The NNT Group on evidence-based medicine concluded that it was inappropriate to combine these twelve trials into a single analysis, because of substantial clinical heterogeneity (i.e., variations in study design, setting, and population characteristics).^[3] Examining each study individually, the NNT group noted that two of these studies showed benefit to patients given tPA (and that, using analytical methods that they think flawed); four studies showed harm and had to be stopped before completion; and the remaining studies showed neither benefit nor harm. On the basis of this evidence, the NNT Group recommended against the use of tPA in acute ischaemic stroke.^[3]

It has been suggested that if tPA is effective in ischemic stroke, it must be administered as early as possible after the onset of stroke symptoms.^[2][4] Indeed, tPA has become widely considered standard of care in acute ischemic stroke, so long as the patient presents soon after the onset of stroke symptoms.^[4] Many national guidelines including the AHA have interpreted this cohort of studies as suggesting that there are specific subgroups who may benefit from tPA and thus recommend its use within a limited time window after the event.
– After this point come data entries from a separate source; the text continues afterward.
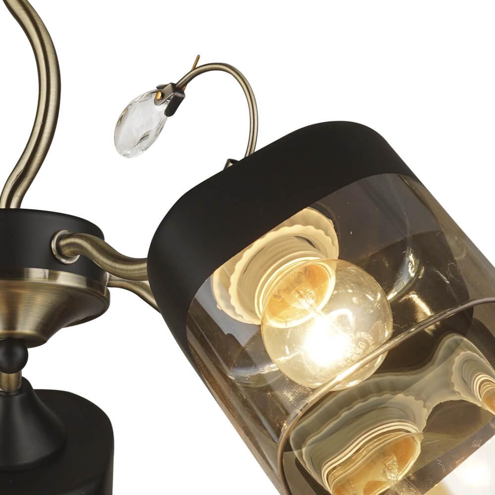 Производитель светильника рекомендует для устройства 5 ламп накаливания с цоколем E27 и мощностью 60 W, что позволит осветить помещение площадью 16,7 кв.м. Габариты изделия: высота – 310 мм, диаметр – 575 мм.
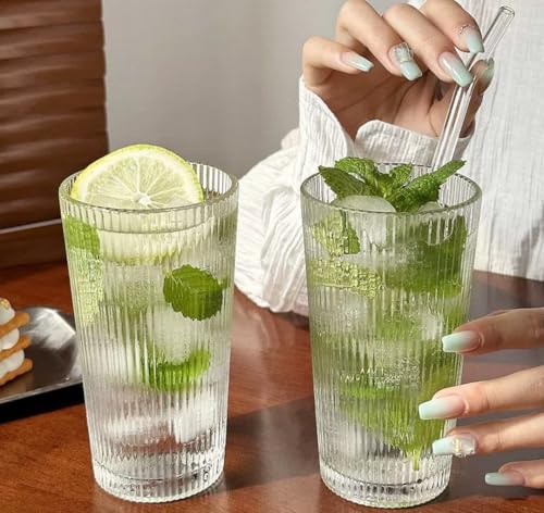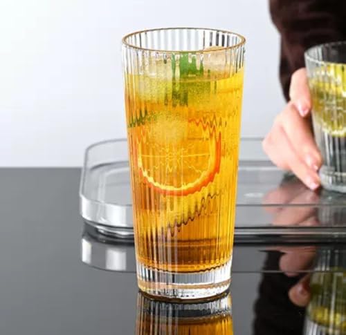 Generic - طقم أكواب شرب كريستالية بحواف ذهبية، سعة 350 مل، أكواب للمشروبات الباردة للمياه والعصير والكوكتيلات من 6 قطع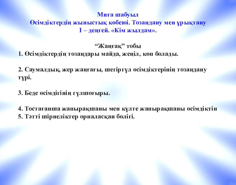 тақырып бойынша білімдерін өзектендіре алады; тақырыпты өз бетінше оқып, мазмұнын ұғына алады;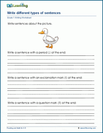 In each worksheet, students write 3 sentences about the same picture: one statement, one question and one exclamation. The exercise reinforces the three basic types of sentences and their ending punctuation.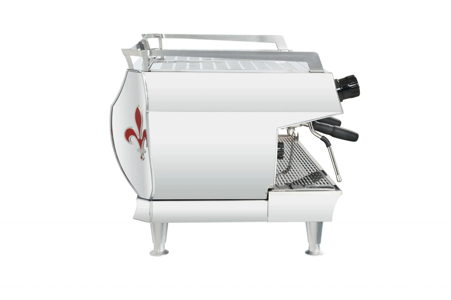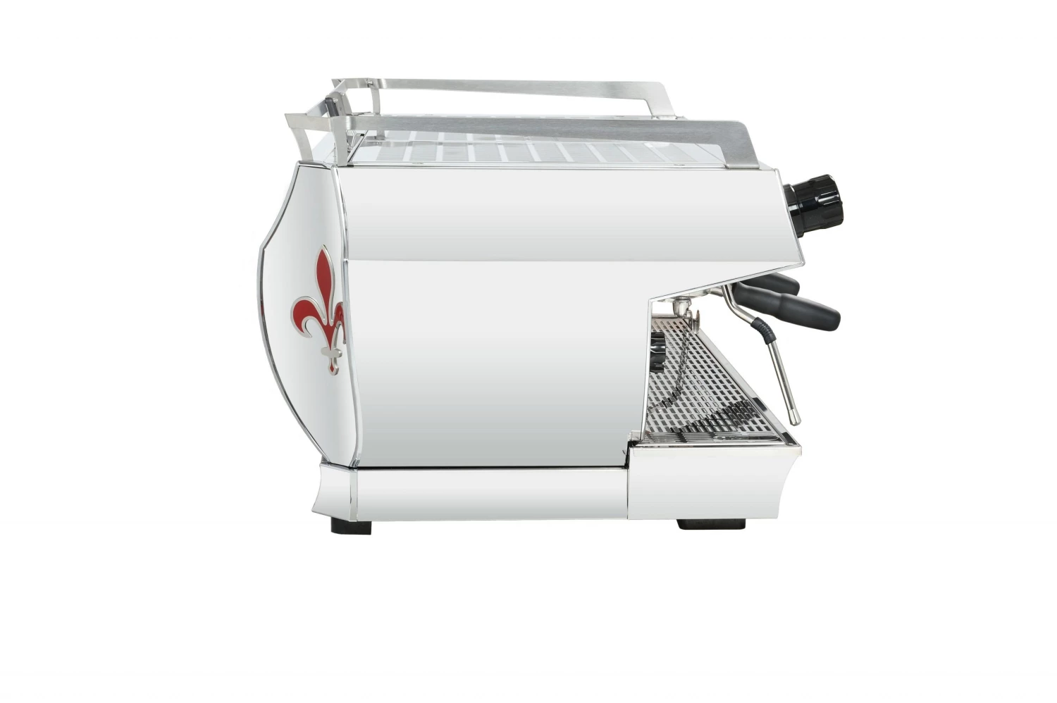 Two red lilies on side shields recall Florentine heritage, while the front panel has been redesigned to increase group visibility. the GB5 S is the first series of machines equipped with a water sensor that measures conductivity and hardness as it enters the machine; this information allows users to monitor water quality and verify filtration performance without the need for additional testing tools

Protocol guidelines require its use intravenously within the first three hours of the event, after which its detriments may outweigh its benefits. For example, the Canadian Stroke Network guideline states "All patients with disabling acute ischemic stroke who can be treated within 4.5 hours of symptom onset should be evaluated without delay to determine their eligibility for treatment" with tPA.^[5] Because of this, only about 3% of people qualify for this treatment, since most patients do not seek medical assistance quickly enough.^{[citation needed]} Similarly in the United States, the window of administration used to be 3 hours from onset of symptoms, but the newer guidelines also recommend use up to 4.5 hours after symptom onset.^[6] tPA appears to show benefit not only for large artery occlusions but also for lacunar strokes. Since tPA dissolves blood clots, there is risk of hemorrhage with its use.
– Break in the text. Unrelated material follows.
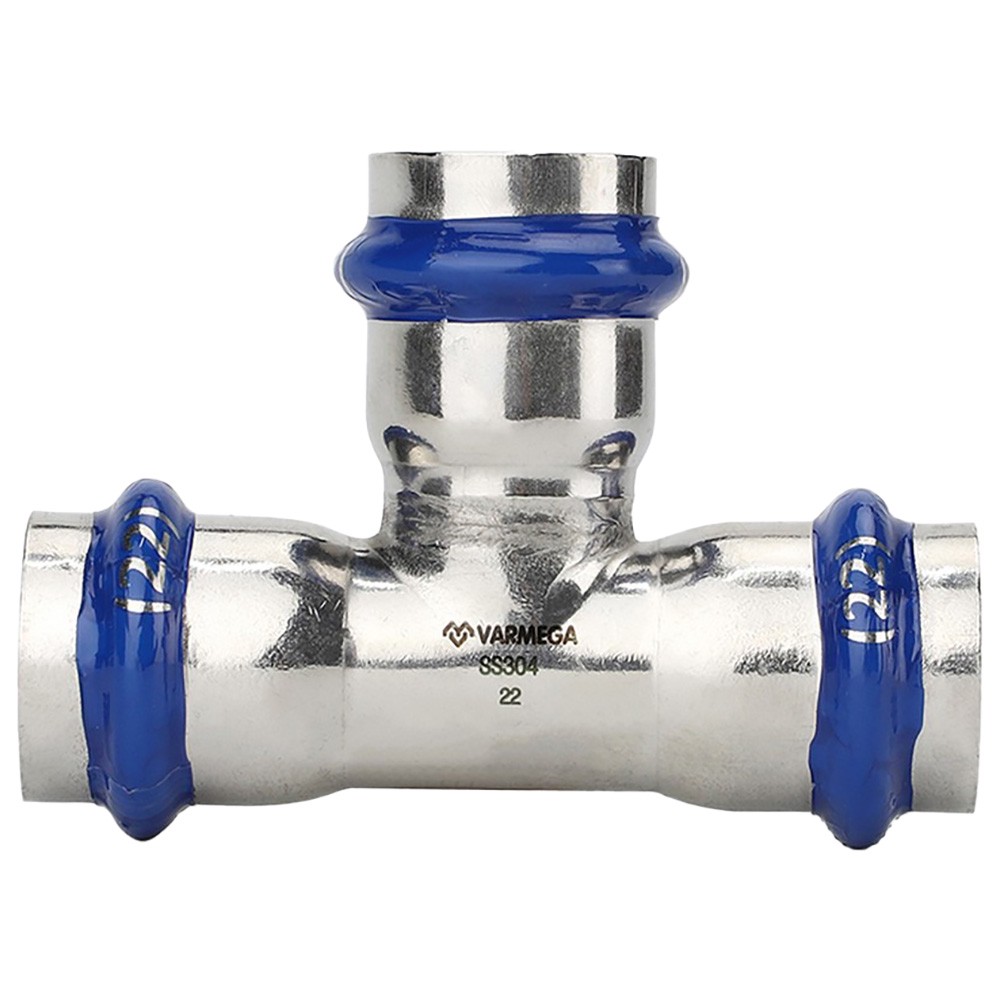 Тройник VARMEGA раструбный Inox Press 22x22x22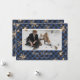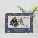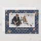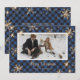 Cartões de Natal bonitos de xadrez azul de dois lados, com flocos de neve brilhantes e estrelas com título de caligrafia e quadro fotográfico. Um texto personalizado com flocos de neve cintilantes e estrelas em um fundo de xadrez de búfalo azul no fundo.

However, the NNT Group notes that the case for this time window arises largely from analysis of two trials: NINDS-2 and subgroup results from IST-3. "However, presuming that early (0-3h) administration is better than later administration (3-4.5h or 4.5-6h) the subgroup results of IST-3 suggest an implausible biological effect in which early administration is beneficial, 3-4.5h administration is harmful, and 4.5-6h administration is again beneficial."^[3] Indeed, even the original publication of the IST-3 trial found that time-window effects were not significant predictors of outcome (p=0.61).^[7]

Use of tPA in the United States in treatment of patients who are eligible for its use, no contra-indications and arrival at the treating facility less than 3 hours after onset of symptoms, is reported to have doubled from 2003 to 2011. Use on patients with mild deficits, of nonwhite race/ethnicity, and oldest old age increased. However, many patients who were eligible for treatment were not treated.^[8][9]

tPA has also been given to patients with acute ischemic stroke above age 90 years old. Although a small fraction of patients 90 years and above treated with tPA for acute ischemic stroke recover, most patients have a poor 30-day functional outcome or die.^[10] Nonagenarians may do as well as octogenarians following treatment with IV-tPA for acute ischemic stroke.^[11] In addition, people with frostbite treated with tPA had fewer amputations than those not treated with tPA.^[12]

Recombinant tissue plasminogen activators[edit]

Recombinant tissue plasminogen activators (r-tPAs) include alteplase, reteplase, and tenecteplase (TNKase).^[1]

Activase (Alteplase) is FDA-approved for treatment of myocardial infarction with ST-elevation (STEMI), acute ischemic stroke (AIS), acute massive pulmonary embolism, andcentral venous access devices (CVAD).^[1]

Reteplase is FDA-approved for acute myocardial infarction, where it has more convenient administration and faster thrombolysis than alteplase.^[1]

Tenecteplase is also indicated in acute myocardial infarction, showing fewer bleeding complications but otherwise similar mortality rates after one year compared to alteplase.^[1]

Additional r-tPAs, such as desmoteplase, are under clinical development.